Sometimes even the Java client is under-documented, as in the section on setting inverted index parameters:
The docs are great if you’re using the Python or Javascript / Typescript clients. However, I can only report on my experience, and that was one of frustration when trying to communicate with Weaviate from a Go client.
At least deployment was easy with the provided Docker image. There were no dependencies.
Overall, the developer experience was just OK in my experience.
Weaviate was the second fastest at serving my open-source Searchly vector database benchmark. With a million fake web pages vectorized and indexed, it was able to serve around 1,050 Top K searches per second on speedy-1.
Importantly, it is also the fastest system that can also spill searches on larger-than-memory collections to disk. This is a very important distinction, despite not being the fastest overall.
Weaviate is not stewarded by a non-profit foundation. It is open-source, which is great, but I always question whether anyone will continue developing a project in the future if the VC-funded organization behind it goes under.
It’s up to you if you want to make Weaviate an irreplaceable component of your company’s tech stack. It is open-source, so you will always be able to run whatever workload you need on self-managed infrastructure.
Weaviate, unlike Milvus, can utilize the disk for searches on collections that are largely than your system’s memory. Apparently, this leads to quite serious performance tradeoffs, but it’s really important to me that the option is there in the first place.
However, I was not able to find any way to write vector indexes to disk with Weaviate, such as DiskANN. They have written a blog post on the topic, but I can’t find any evidence that they’ve actually implemented a solution in a released product, yet.

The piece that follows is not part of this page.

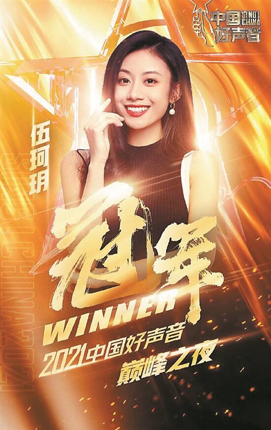 羊城晚报记者 龚卫锋 “好声音”十年之约如期而至。10月15日晚,《2021中国好声音》总决赛在杭州举行。廖昌永战队的陈文非、汪峰战队的姚晓棠、李荣浩战队的王靖雯以及李克勤战队的贺三、伍珂玥在舞台绽放风采。经过三轮比拼,伍珂玥获得本季冠军。 值得一提的是,本季“好声音”五强选手中有两位来自广东——来自台山的伍珂玥和来自汕尾的姚晓棠。决赛前,羊城晚报记者独家专访了23岁的伍珂玥,她说:“我想唱出台山、广东、大湾区的声音。”夺冠后,伍珂玥难掩激动:“从盲选到现在,我经历了很多,有幸成为克勤老师的学生,有幸能拿到这个奖。这真是一个不一样的夏天。” 自小受到粤语歌熏陶 7月30日,伍珂玥在《2021中国好声音》首期节目中登台,一曲《蔓珠莎华》获得8位导师转身。她如此介绍自己:“我的家乡是广东台山,Beyond黄家驹的故乡……” 伍珂玥从小就受粤语歌熏陶,小时候便展露出不俗的歌唱天赋,多次获得校园歌手大赛一等奖。不过,父母并不支持她走音乐这条路。伍珂玥说:“台山的生活节奏慢,父母觉得踏踏实实选择一份稳定工作比较好,因为他们不确定我把金钱和精力投入到音乐上,会不会有回报。” 父母的观望态度让好强的伍珂玥在考大学时更加努力:“我要向他们证明,我对自己的前途很笃定,不会辜负他们,希望他们放心。”凭借着过硬的专业实力,伍珂玥接连通过四川音乐学院、星海音乐学院、深圳大学三所大学的专业考试,她最终选择深圳大学,正式开启逐梦之旅。伍珂玥说:“选择深圳大学,可能也是想给自己留一条后路。万一真像父母所说,音乐这条路我最后走不下去,还可以在学校里结交到不同专业的朋友,打开交际圈,多一点选择。” 大学是个“养成”的过程 考进深圳大学金钟音乐学院后,伍珂玥师从流行演唱专业副教授赵久峰。她称自己是一个“乖学生”:“如果不按照老师的要求来做事,我内心就会很难受。我习惯把事情规划清楚,还会给自己设定一条分数线。”伍珂玥喜欢深圳,也和她的性格有关:“我的目标感很强,做事情需要一些推动力,快节奏的深圳给我带来了冲劲。我哥哥好不容易说服了父母,帮我一路波折走到深圳大学,那我就一定要付出全部努力,向着当歌手这个目标往前冲。” 伍珂玥将大学四年形容为一个“养成”的过程。大一整年,她待在学校苦练专业,没有外出演出:“没有学到东西前,我肯定要先充实自己,绝对不允许自己出去丢脸。”大二她开始踏入社会积累舞台经验,“获得了很多本土音乐人的帮助”。2019年2月,伍珂玥参加了当年央视春晚深圳分会场的演出;2020年,在中央广播电视台总台主办的“逐梦先行”庆祝深圳经济特区建立40周年文艺晚会中,伍珂玥担任开场歌舞节目《这就是深圳》的歌手。 半年前,《2021中国好声音》开启深圳地面海选,伍珂玥通过层层选拔,一路闯进最终试音环节:“每一轮筛选都要经过导演组的重重审核,试完音后,导演会说‘回家等着吧’!很多选手永远接不到下一个电话。我很幸运,每次试音完都能接到下一轮筛选的通知。” 伍珂玥表示,《中国好声音》的筛选机制十分成熟。参加正式比赛前,选手不允许与总导演有任何接触,同时,也收不到选人导演的任何反馈,只能苦等结果。正式进入比赛后,导演摇身一变,成为学员们的“管家”。伍珂玥说:“每位导演都很关照学员的饮食、作息。录制期间学员很辛苦,但导演、工作人员同样辛苦。” 歌迷眼中的“港风美女” 《蔓珠莎华》《海阔天空》《一生中最爱》《假如》《我等到花儿也谢了》……伍珂玥在《2021中国好声音》舞台上演唱了大量粤语歌。她表示,以港乐为代表的粤语歌曾十分辉煌,希望能在舞台上为观众带来回忆,“作为一个广东孩子,我希望在这个舞台上带来台山的声音、广东的声音、大湾区的声音,唱粤语歌会让我更有归属感。” “港风美女歌手”“粤语歌坛接班人”是伍珂玥身上最显眼的标签。她最先被观众认识,是在初舞台演唱了由梅艳芳原唱的粤语金曲《蔓珠莎华》,一曲歌罢赢得八位导师转身。导师李克勤评价:“我要听一下你唱出来会不会很像梅艳芳,发现你很有自己的风格。”播出当晚,伍珂玥就登上微博热搜榜。伍珂玥形容自己当时都懵了:“突然获得如此大的关注,仿佛被上天亲了一下。我做梦都不敢想。” 伍珂玥坦言,被网友称赞为“港风美女”,让她开心不已。她说:“或许因为我长的是广东人的样子,嘴大大的,还爱涂红唇。而且我喜欢唱粤语歌,它们会引发大家对港乐黄金时期的回忆。” 李荣浩也不止一次称赞伍珂玥的台风很“港风”,他更用“大鹏展翅”来形容伍珂玥在动情演唱时大开大合的肢体动作。网友甚至把“大鹏展翅”做成了表情包。伍珂玥说:“表情包很鬼畜、很可爱、很搞笑,我都很喜欢。”在此之前,伍珂玥就知道自己唱歌时会下意识做动作,但在《中国好声音》的舞台,动作有了名字:“我从小就在家看很多香港明星唱歌,可能他们的动作耳濡目染地刻在我的脑海里,以至于当我成年后有机会登台唱歌时,封存在身体里的记忆被唤醒了。” “好声音”夺冠梦想成真 最近几个月,伍珂玥有很多梦想都成了真,比如登上《中国好声音》的舞台,比如与李克勤合唱《红日》。10月9日,在李克勤战队的当期开场秀《红日》播出后,伍珂玥发了一条微博:“我从

The easiest way to get started storing and retrieving vectors is to just use your existing database.
For example, here are pages that list the vector capabilities of the following relational databases:
Vector functionality has been a priority for database vendors due to the AI boom. So, while traditional databases may lag behind vector-first databases in performance or advanced features, there’s a chance they will be good enough for your use case.
With that being said, vector-first databases are still your best bet for building scalable AI applications in the present and will probably remain so for the foreseeable future.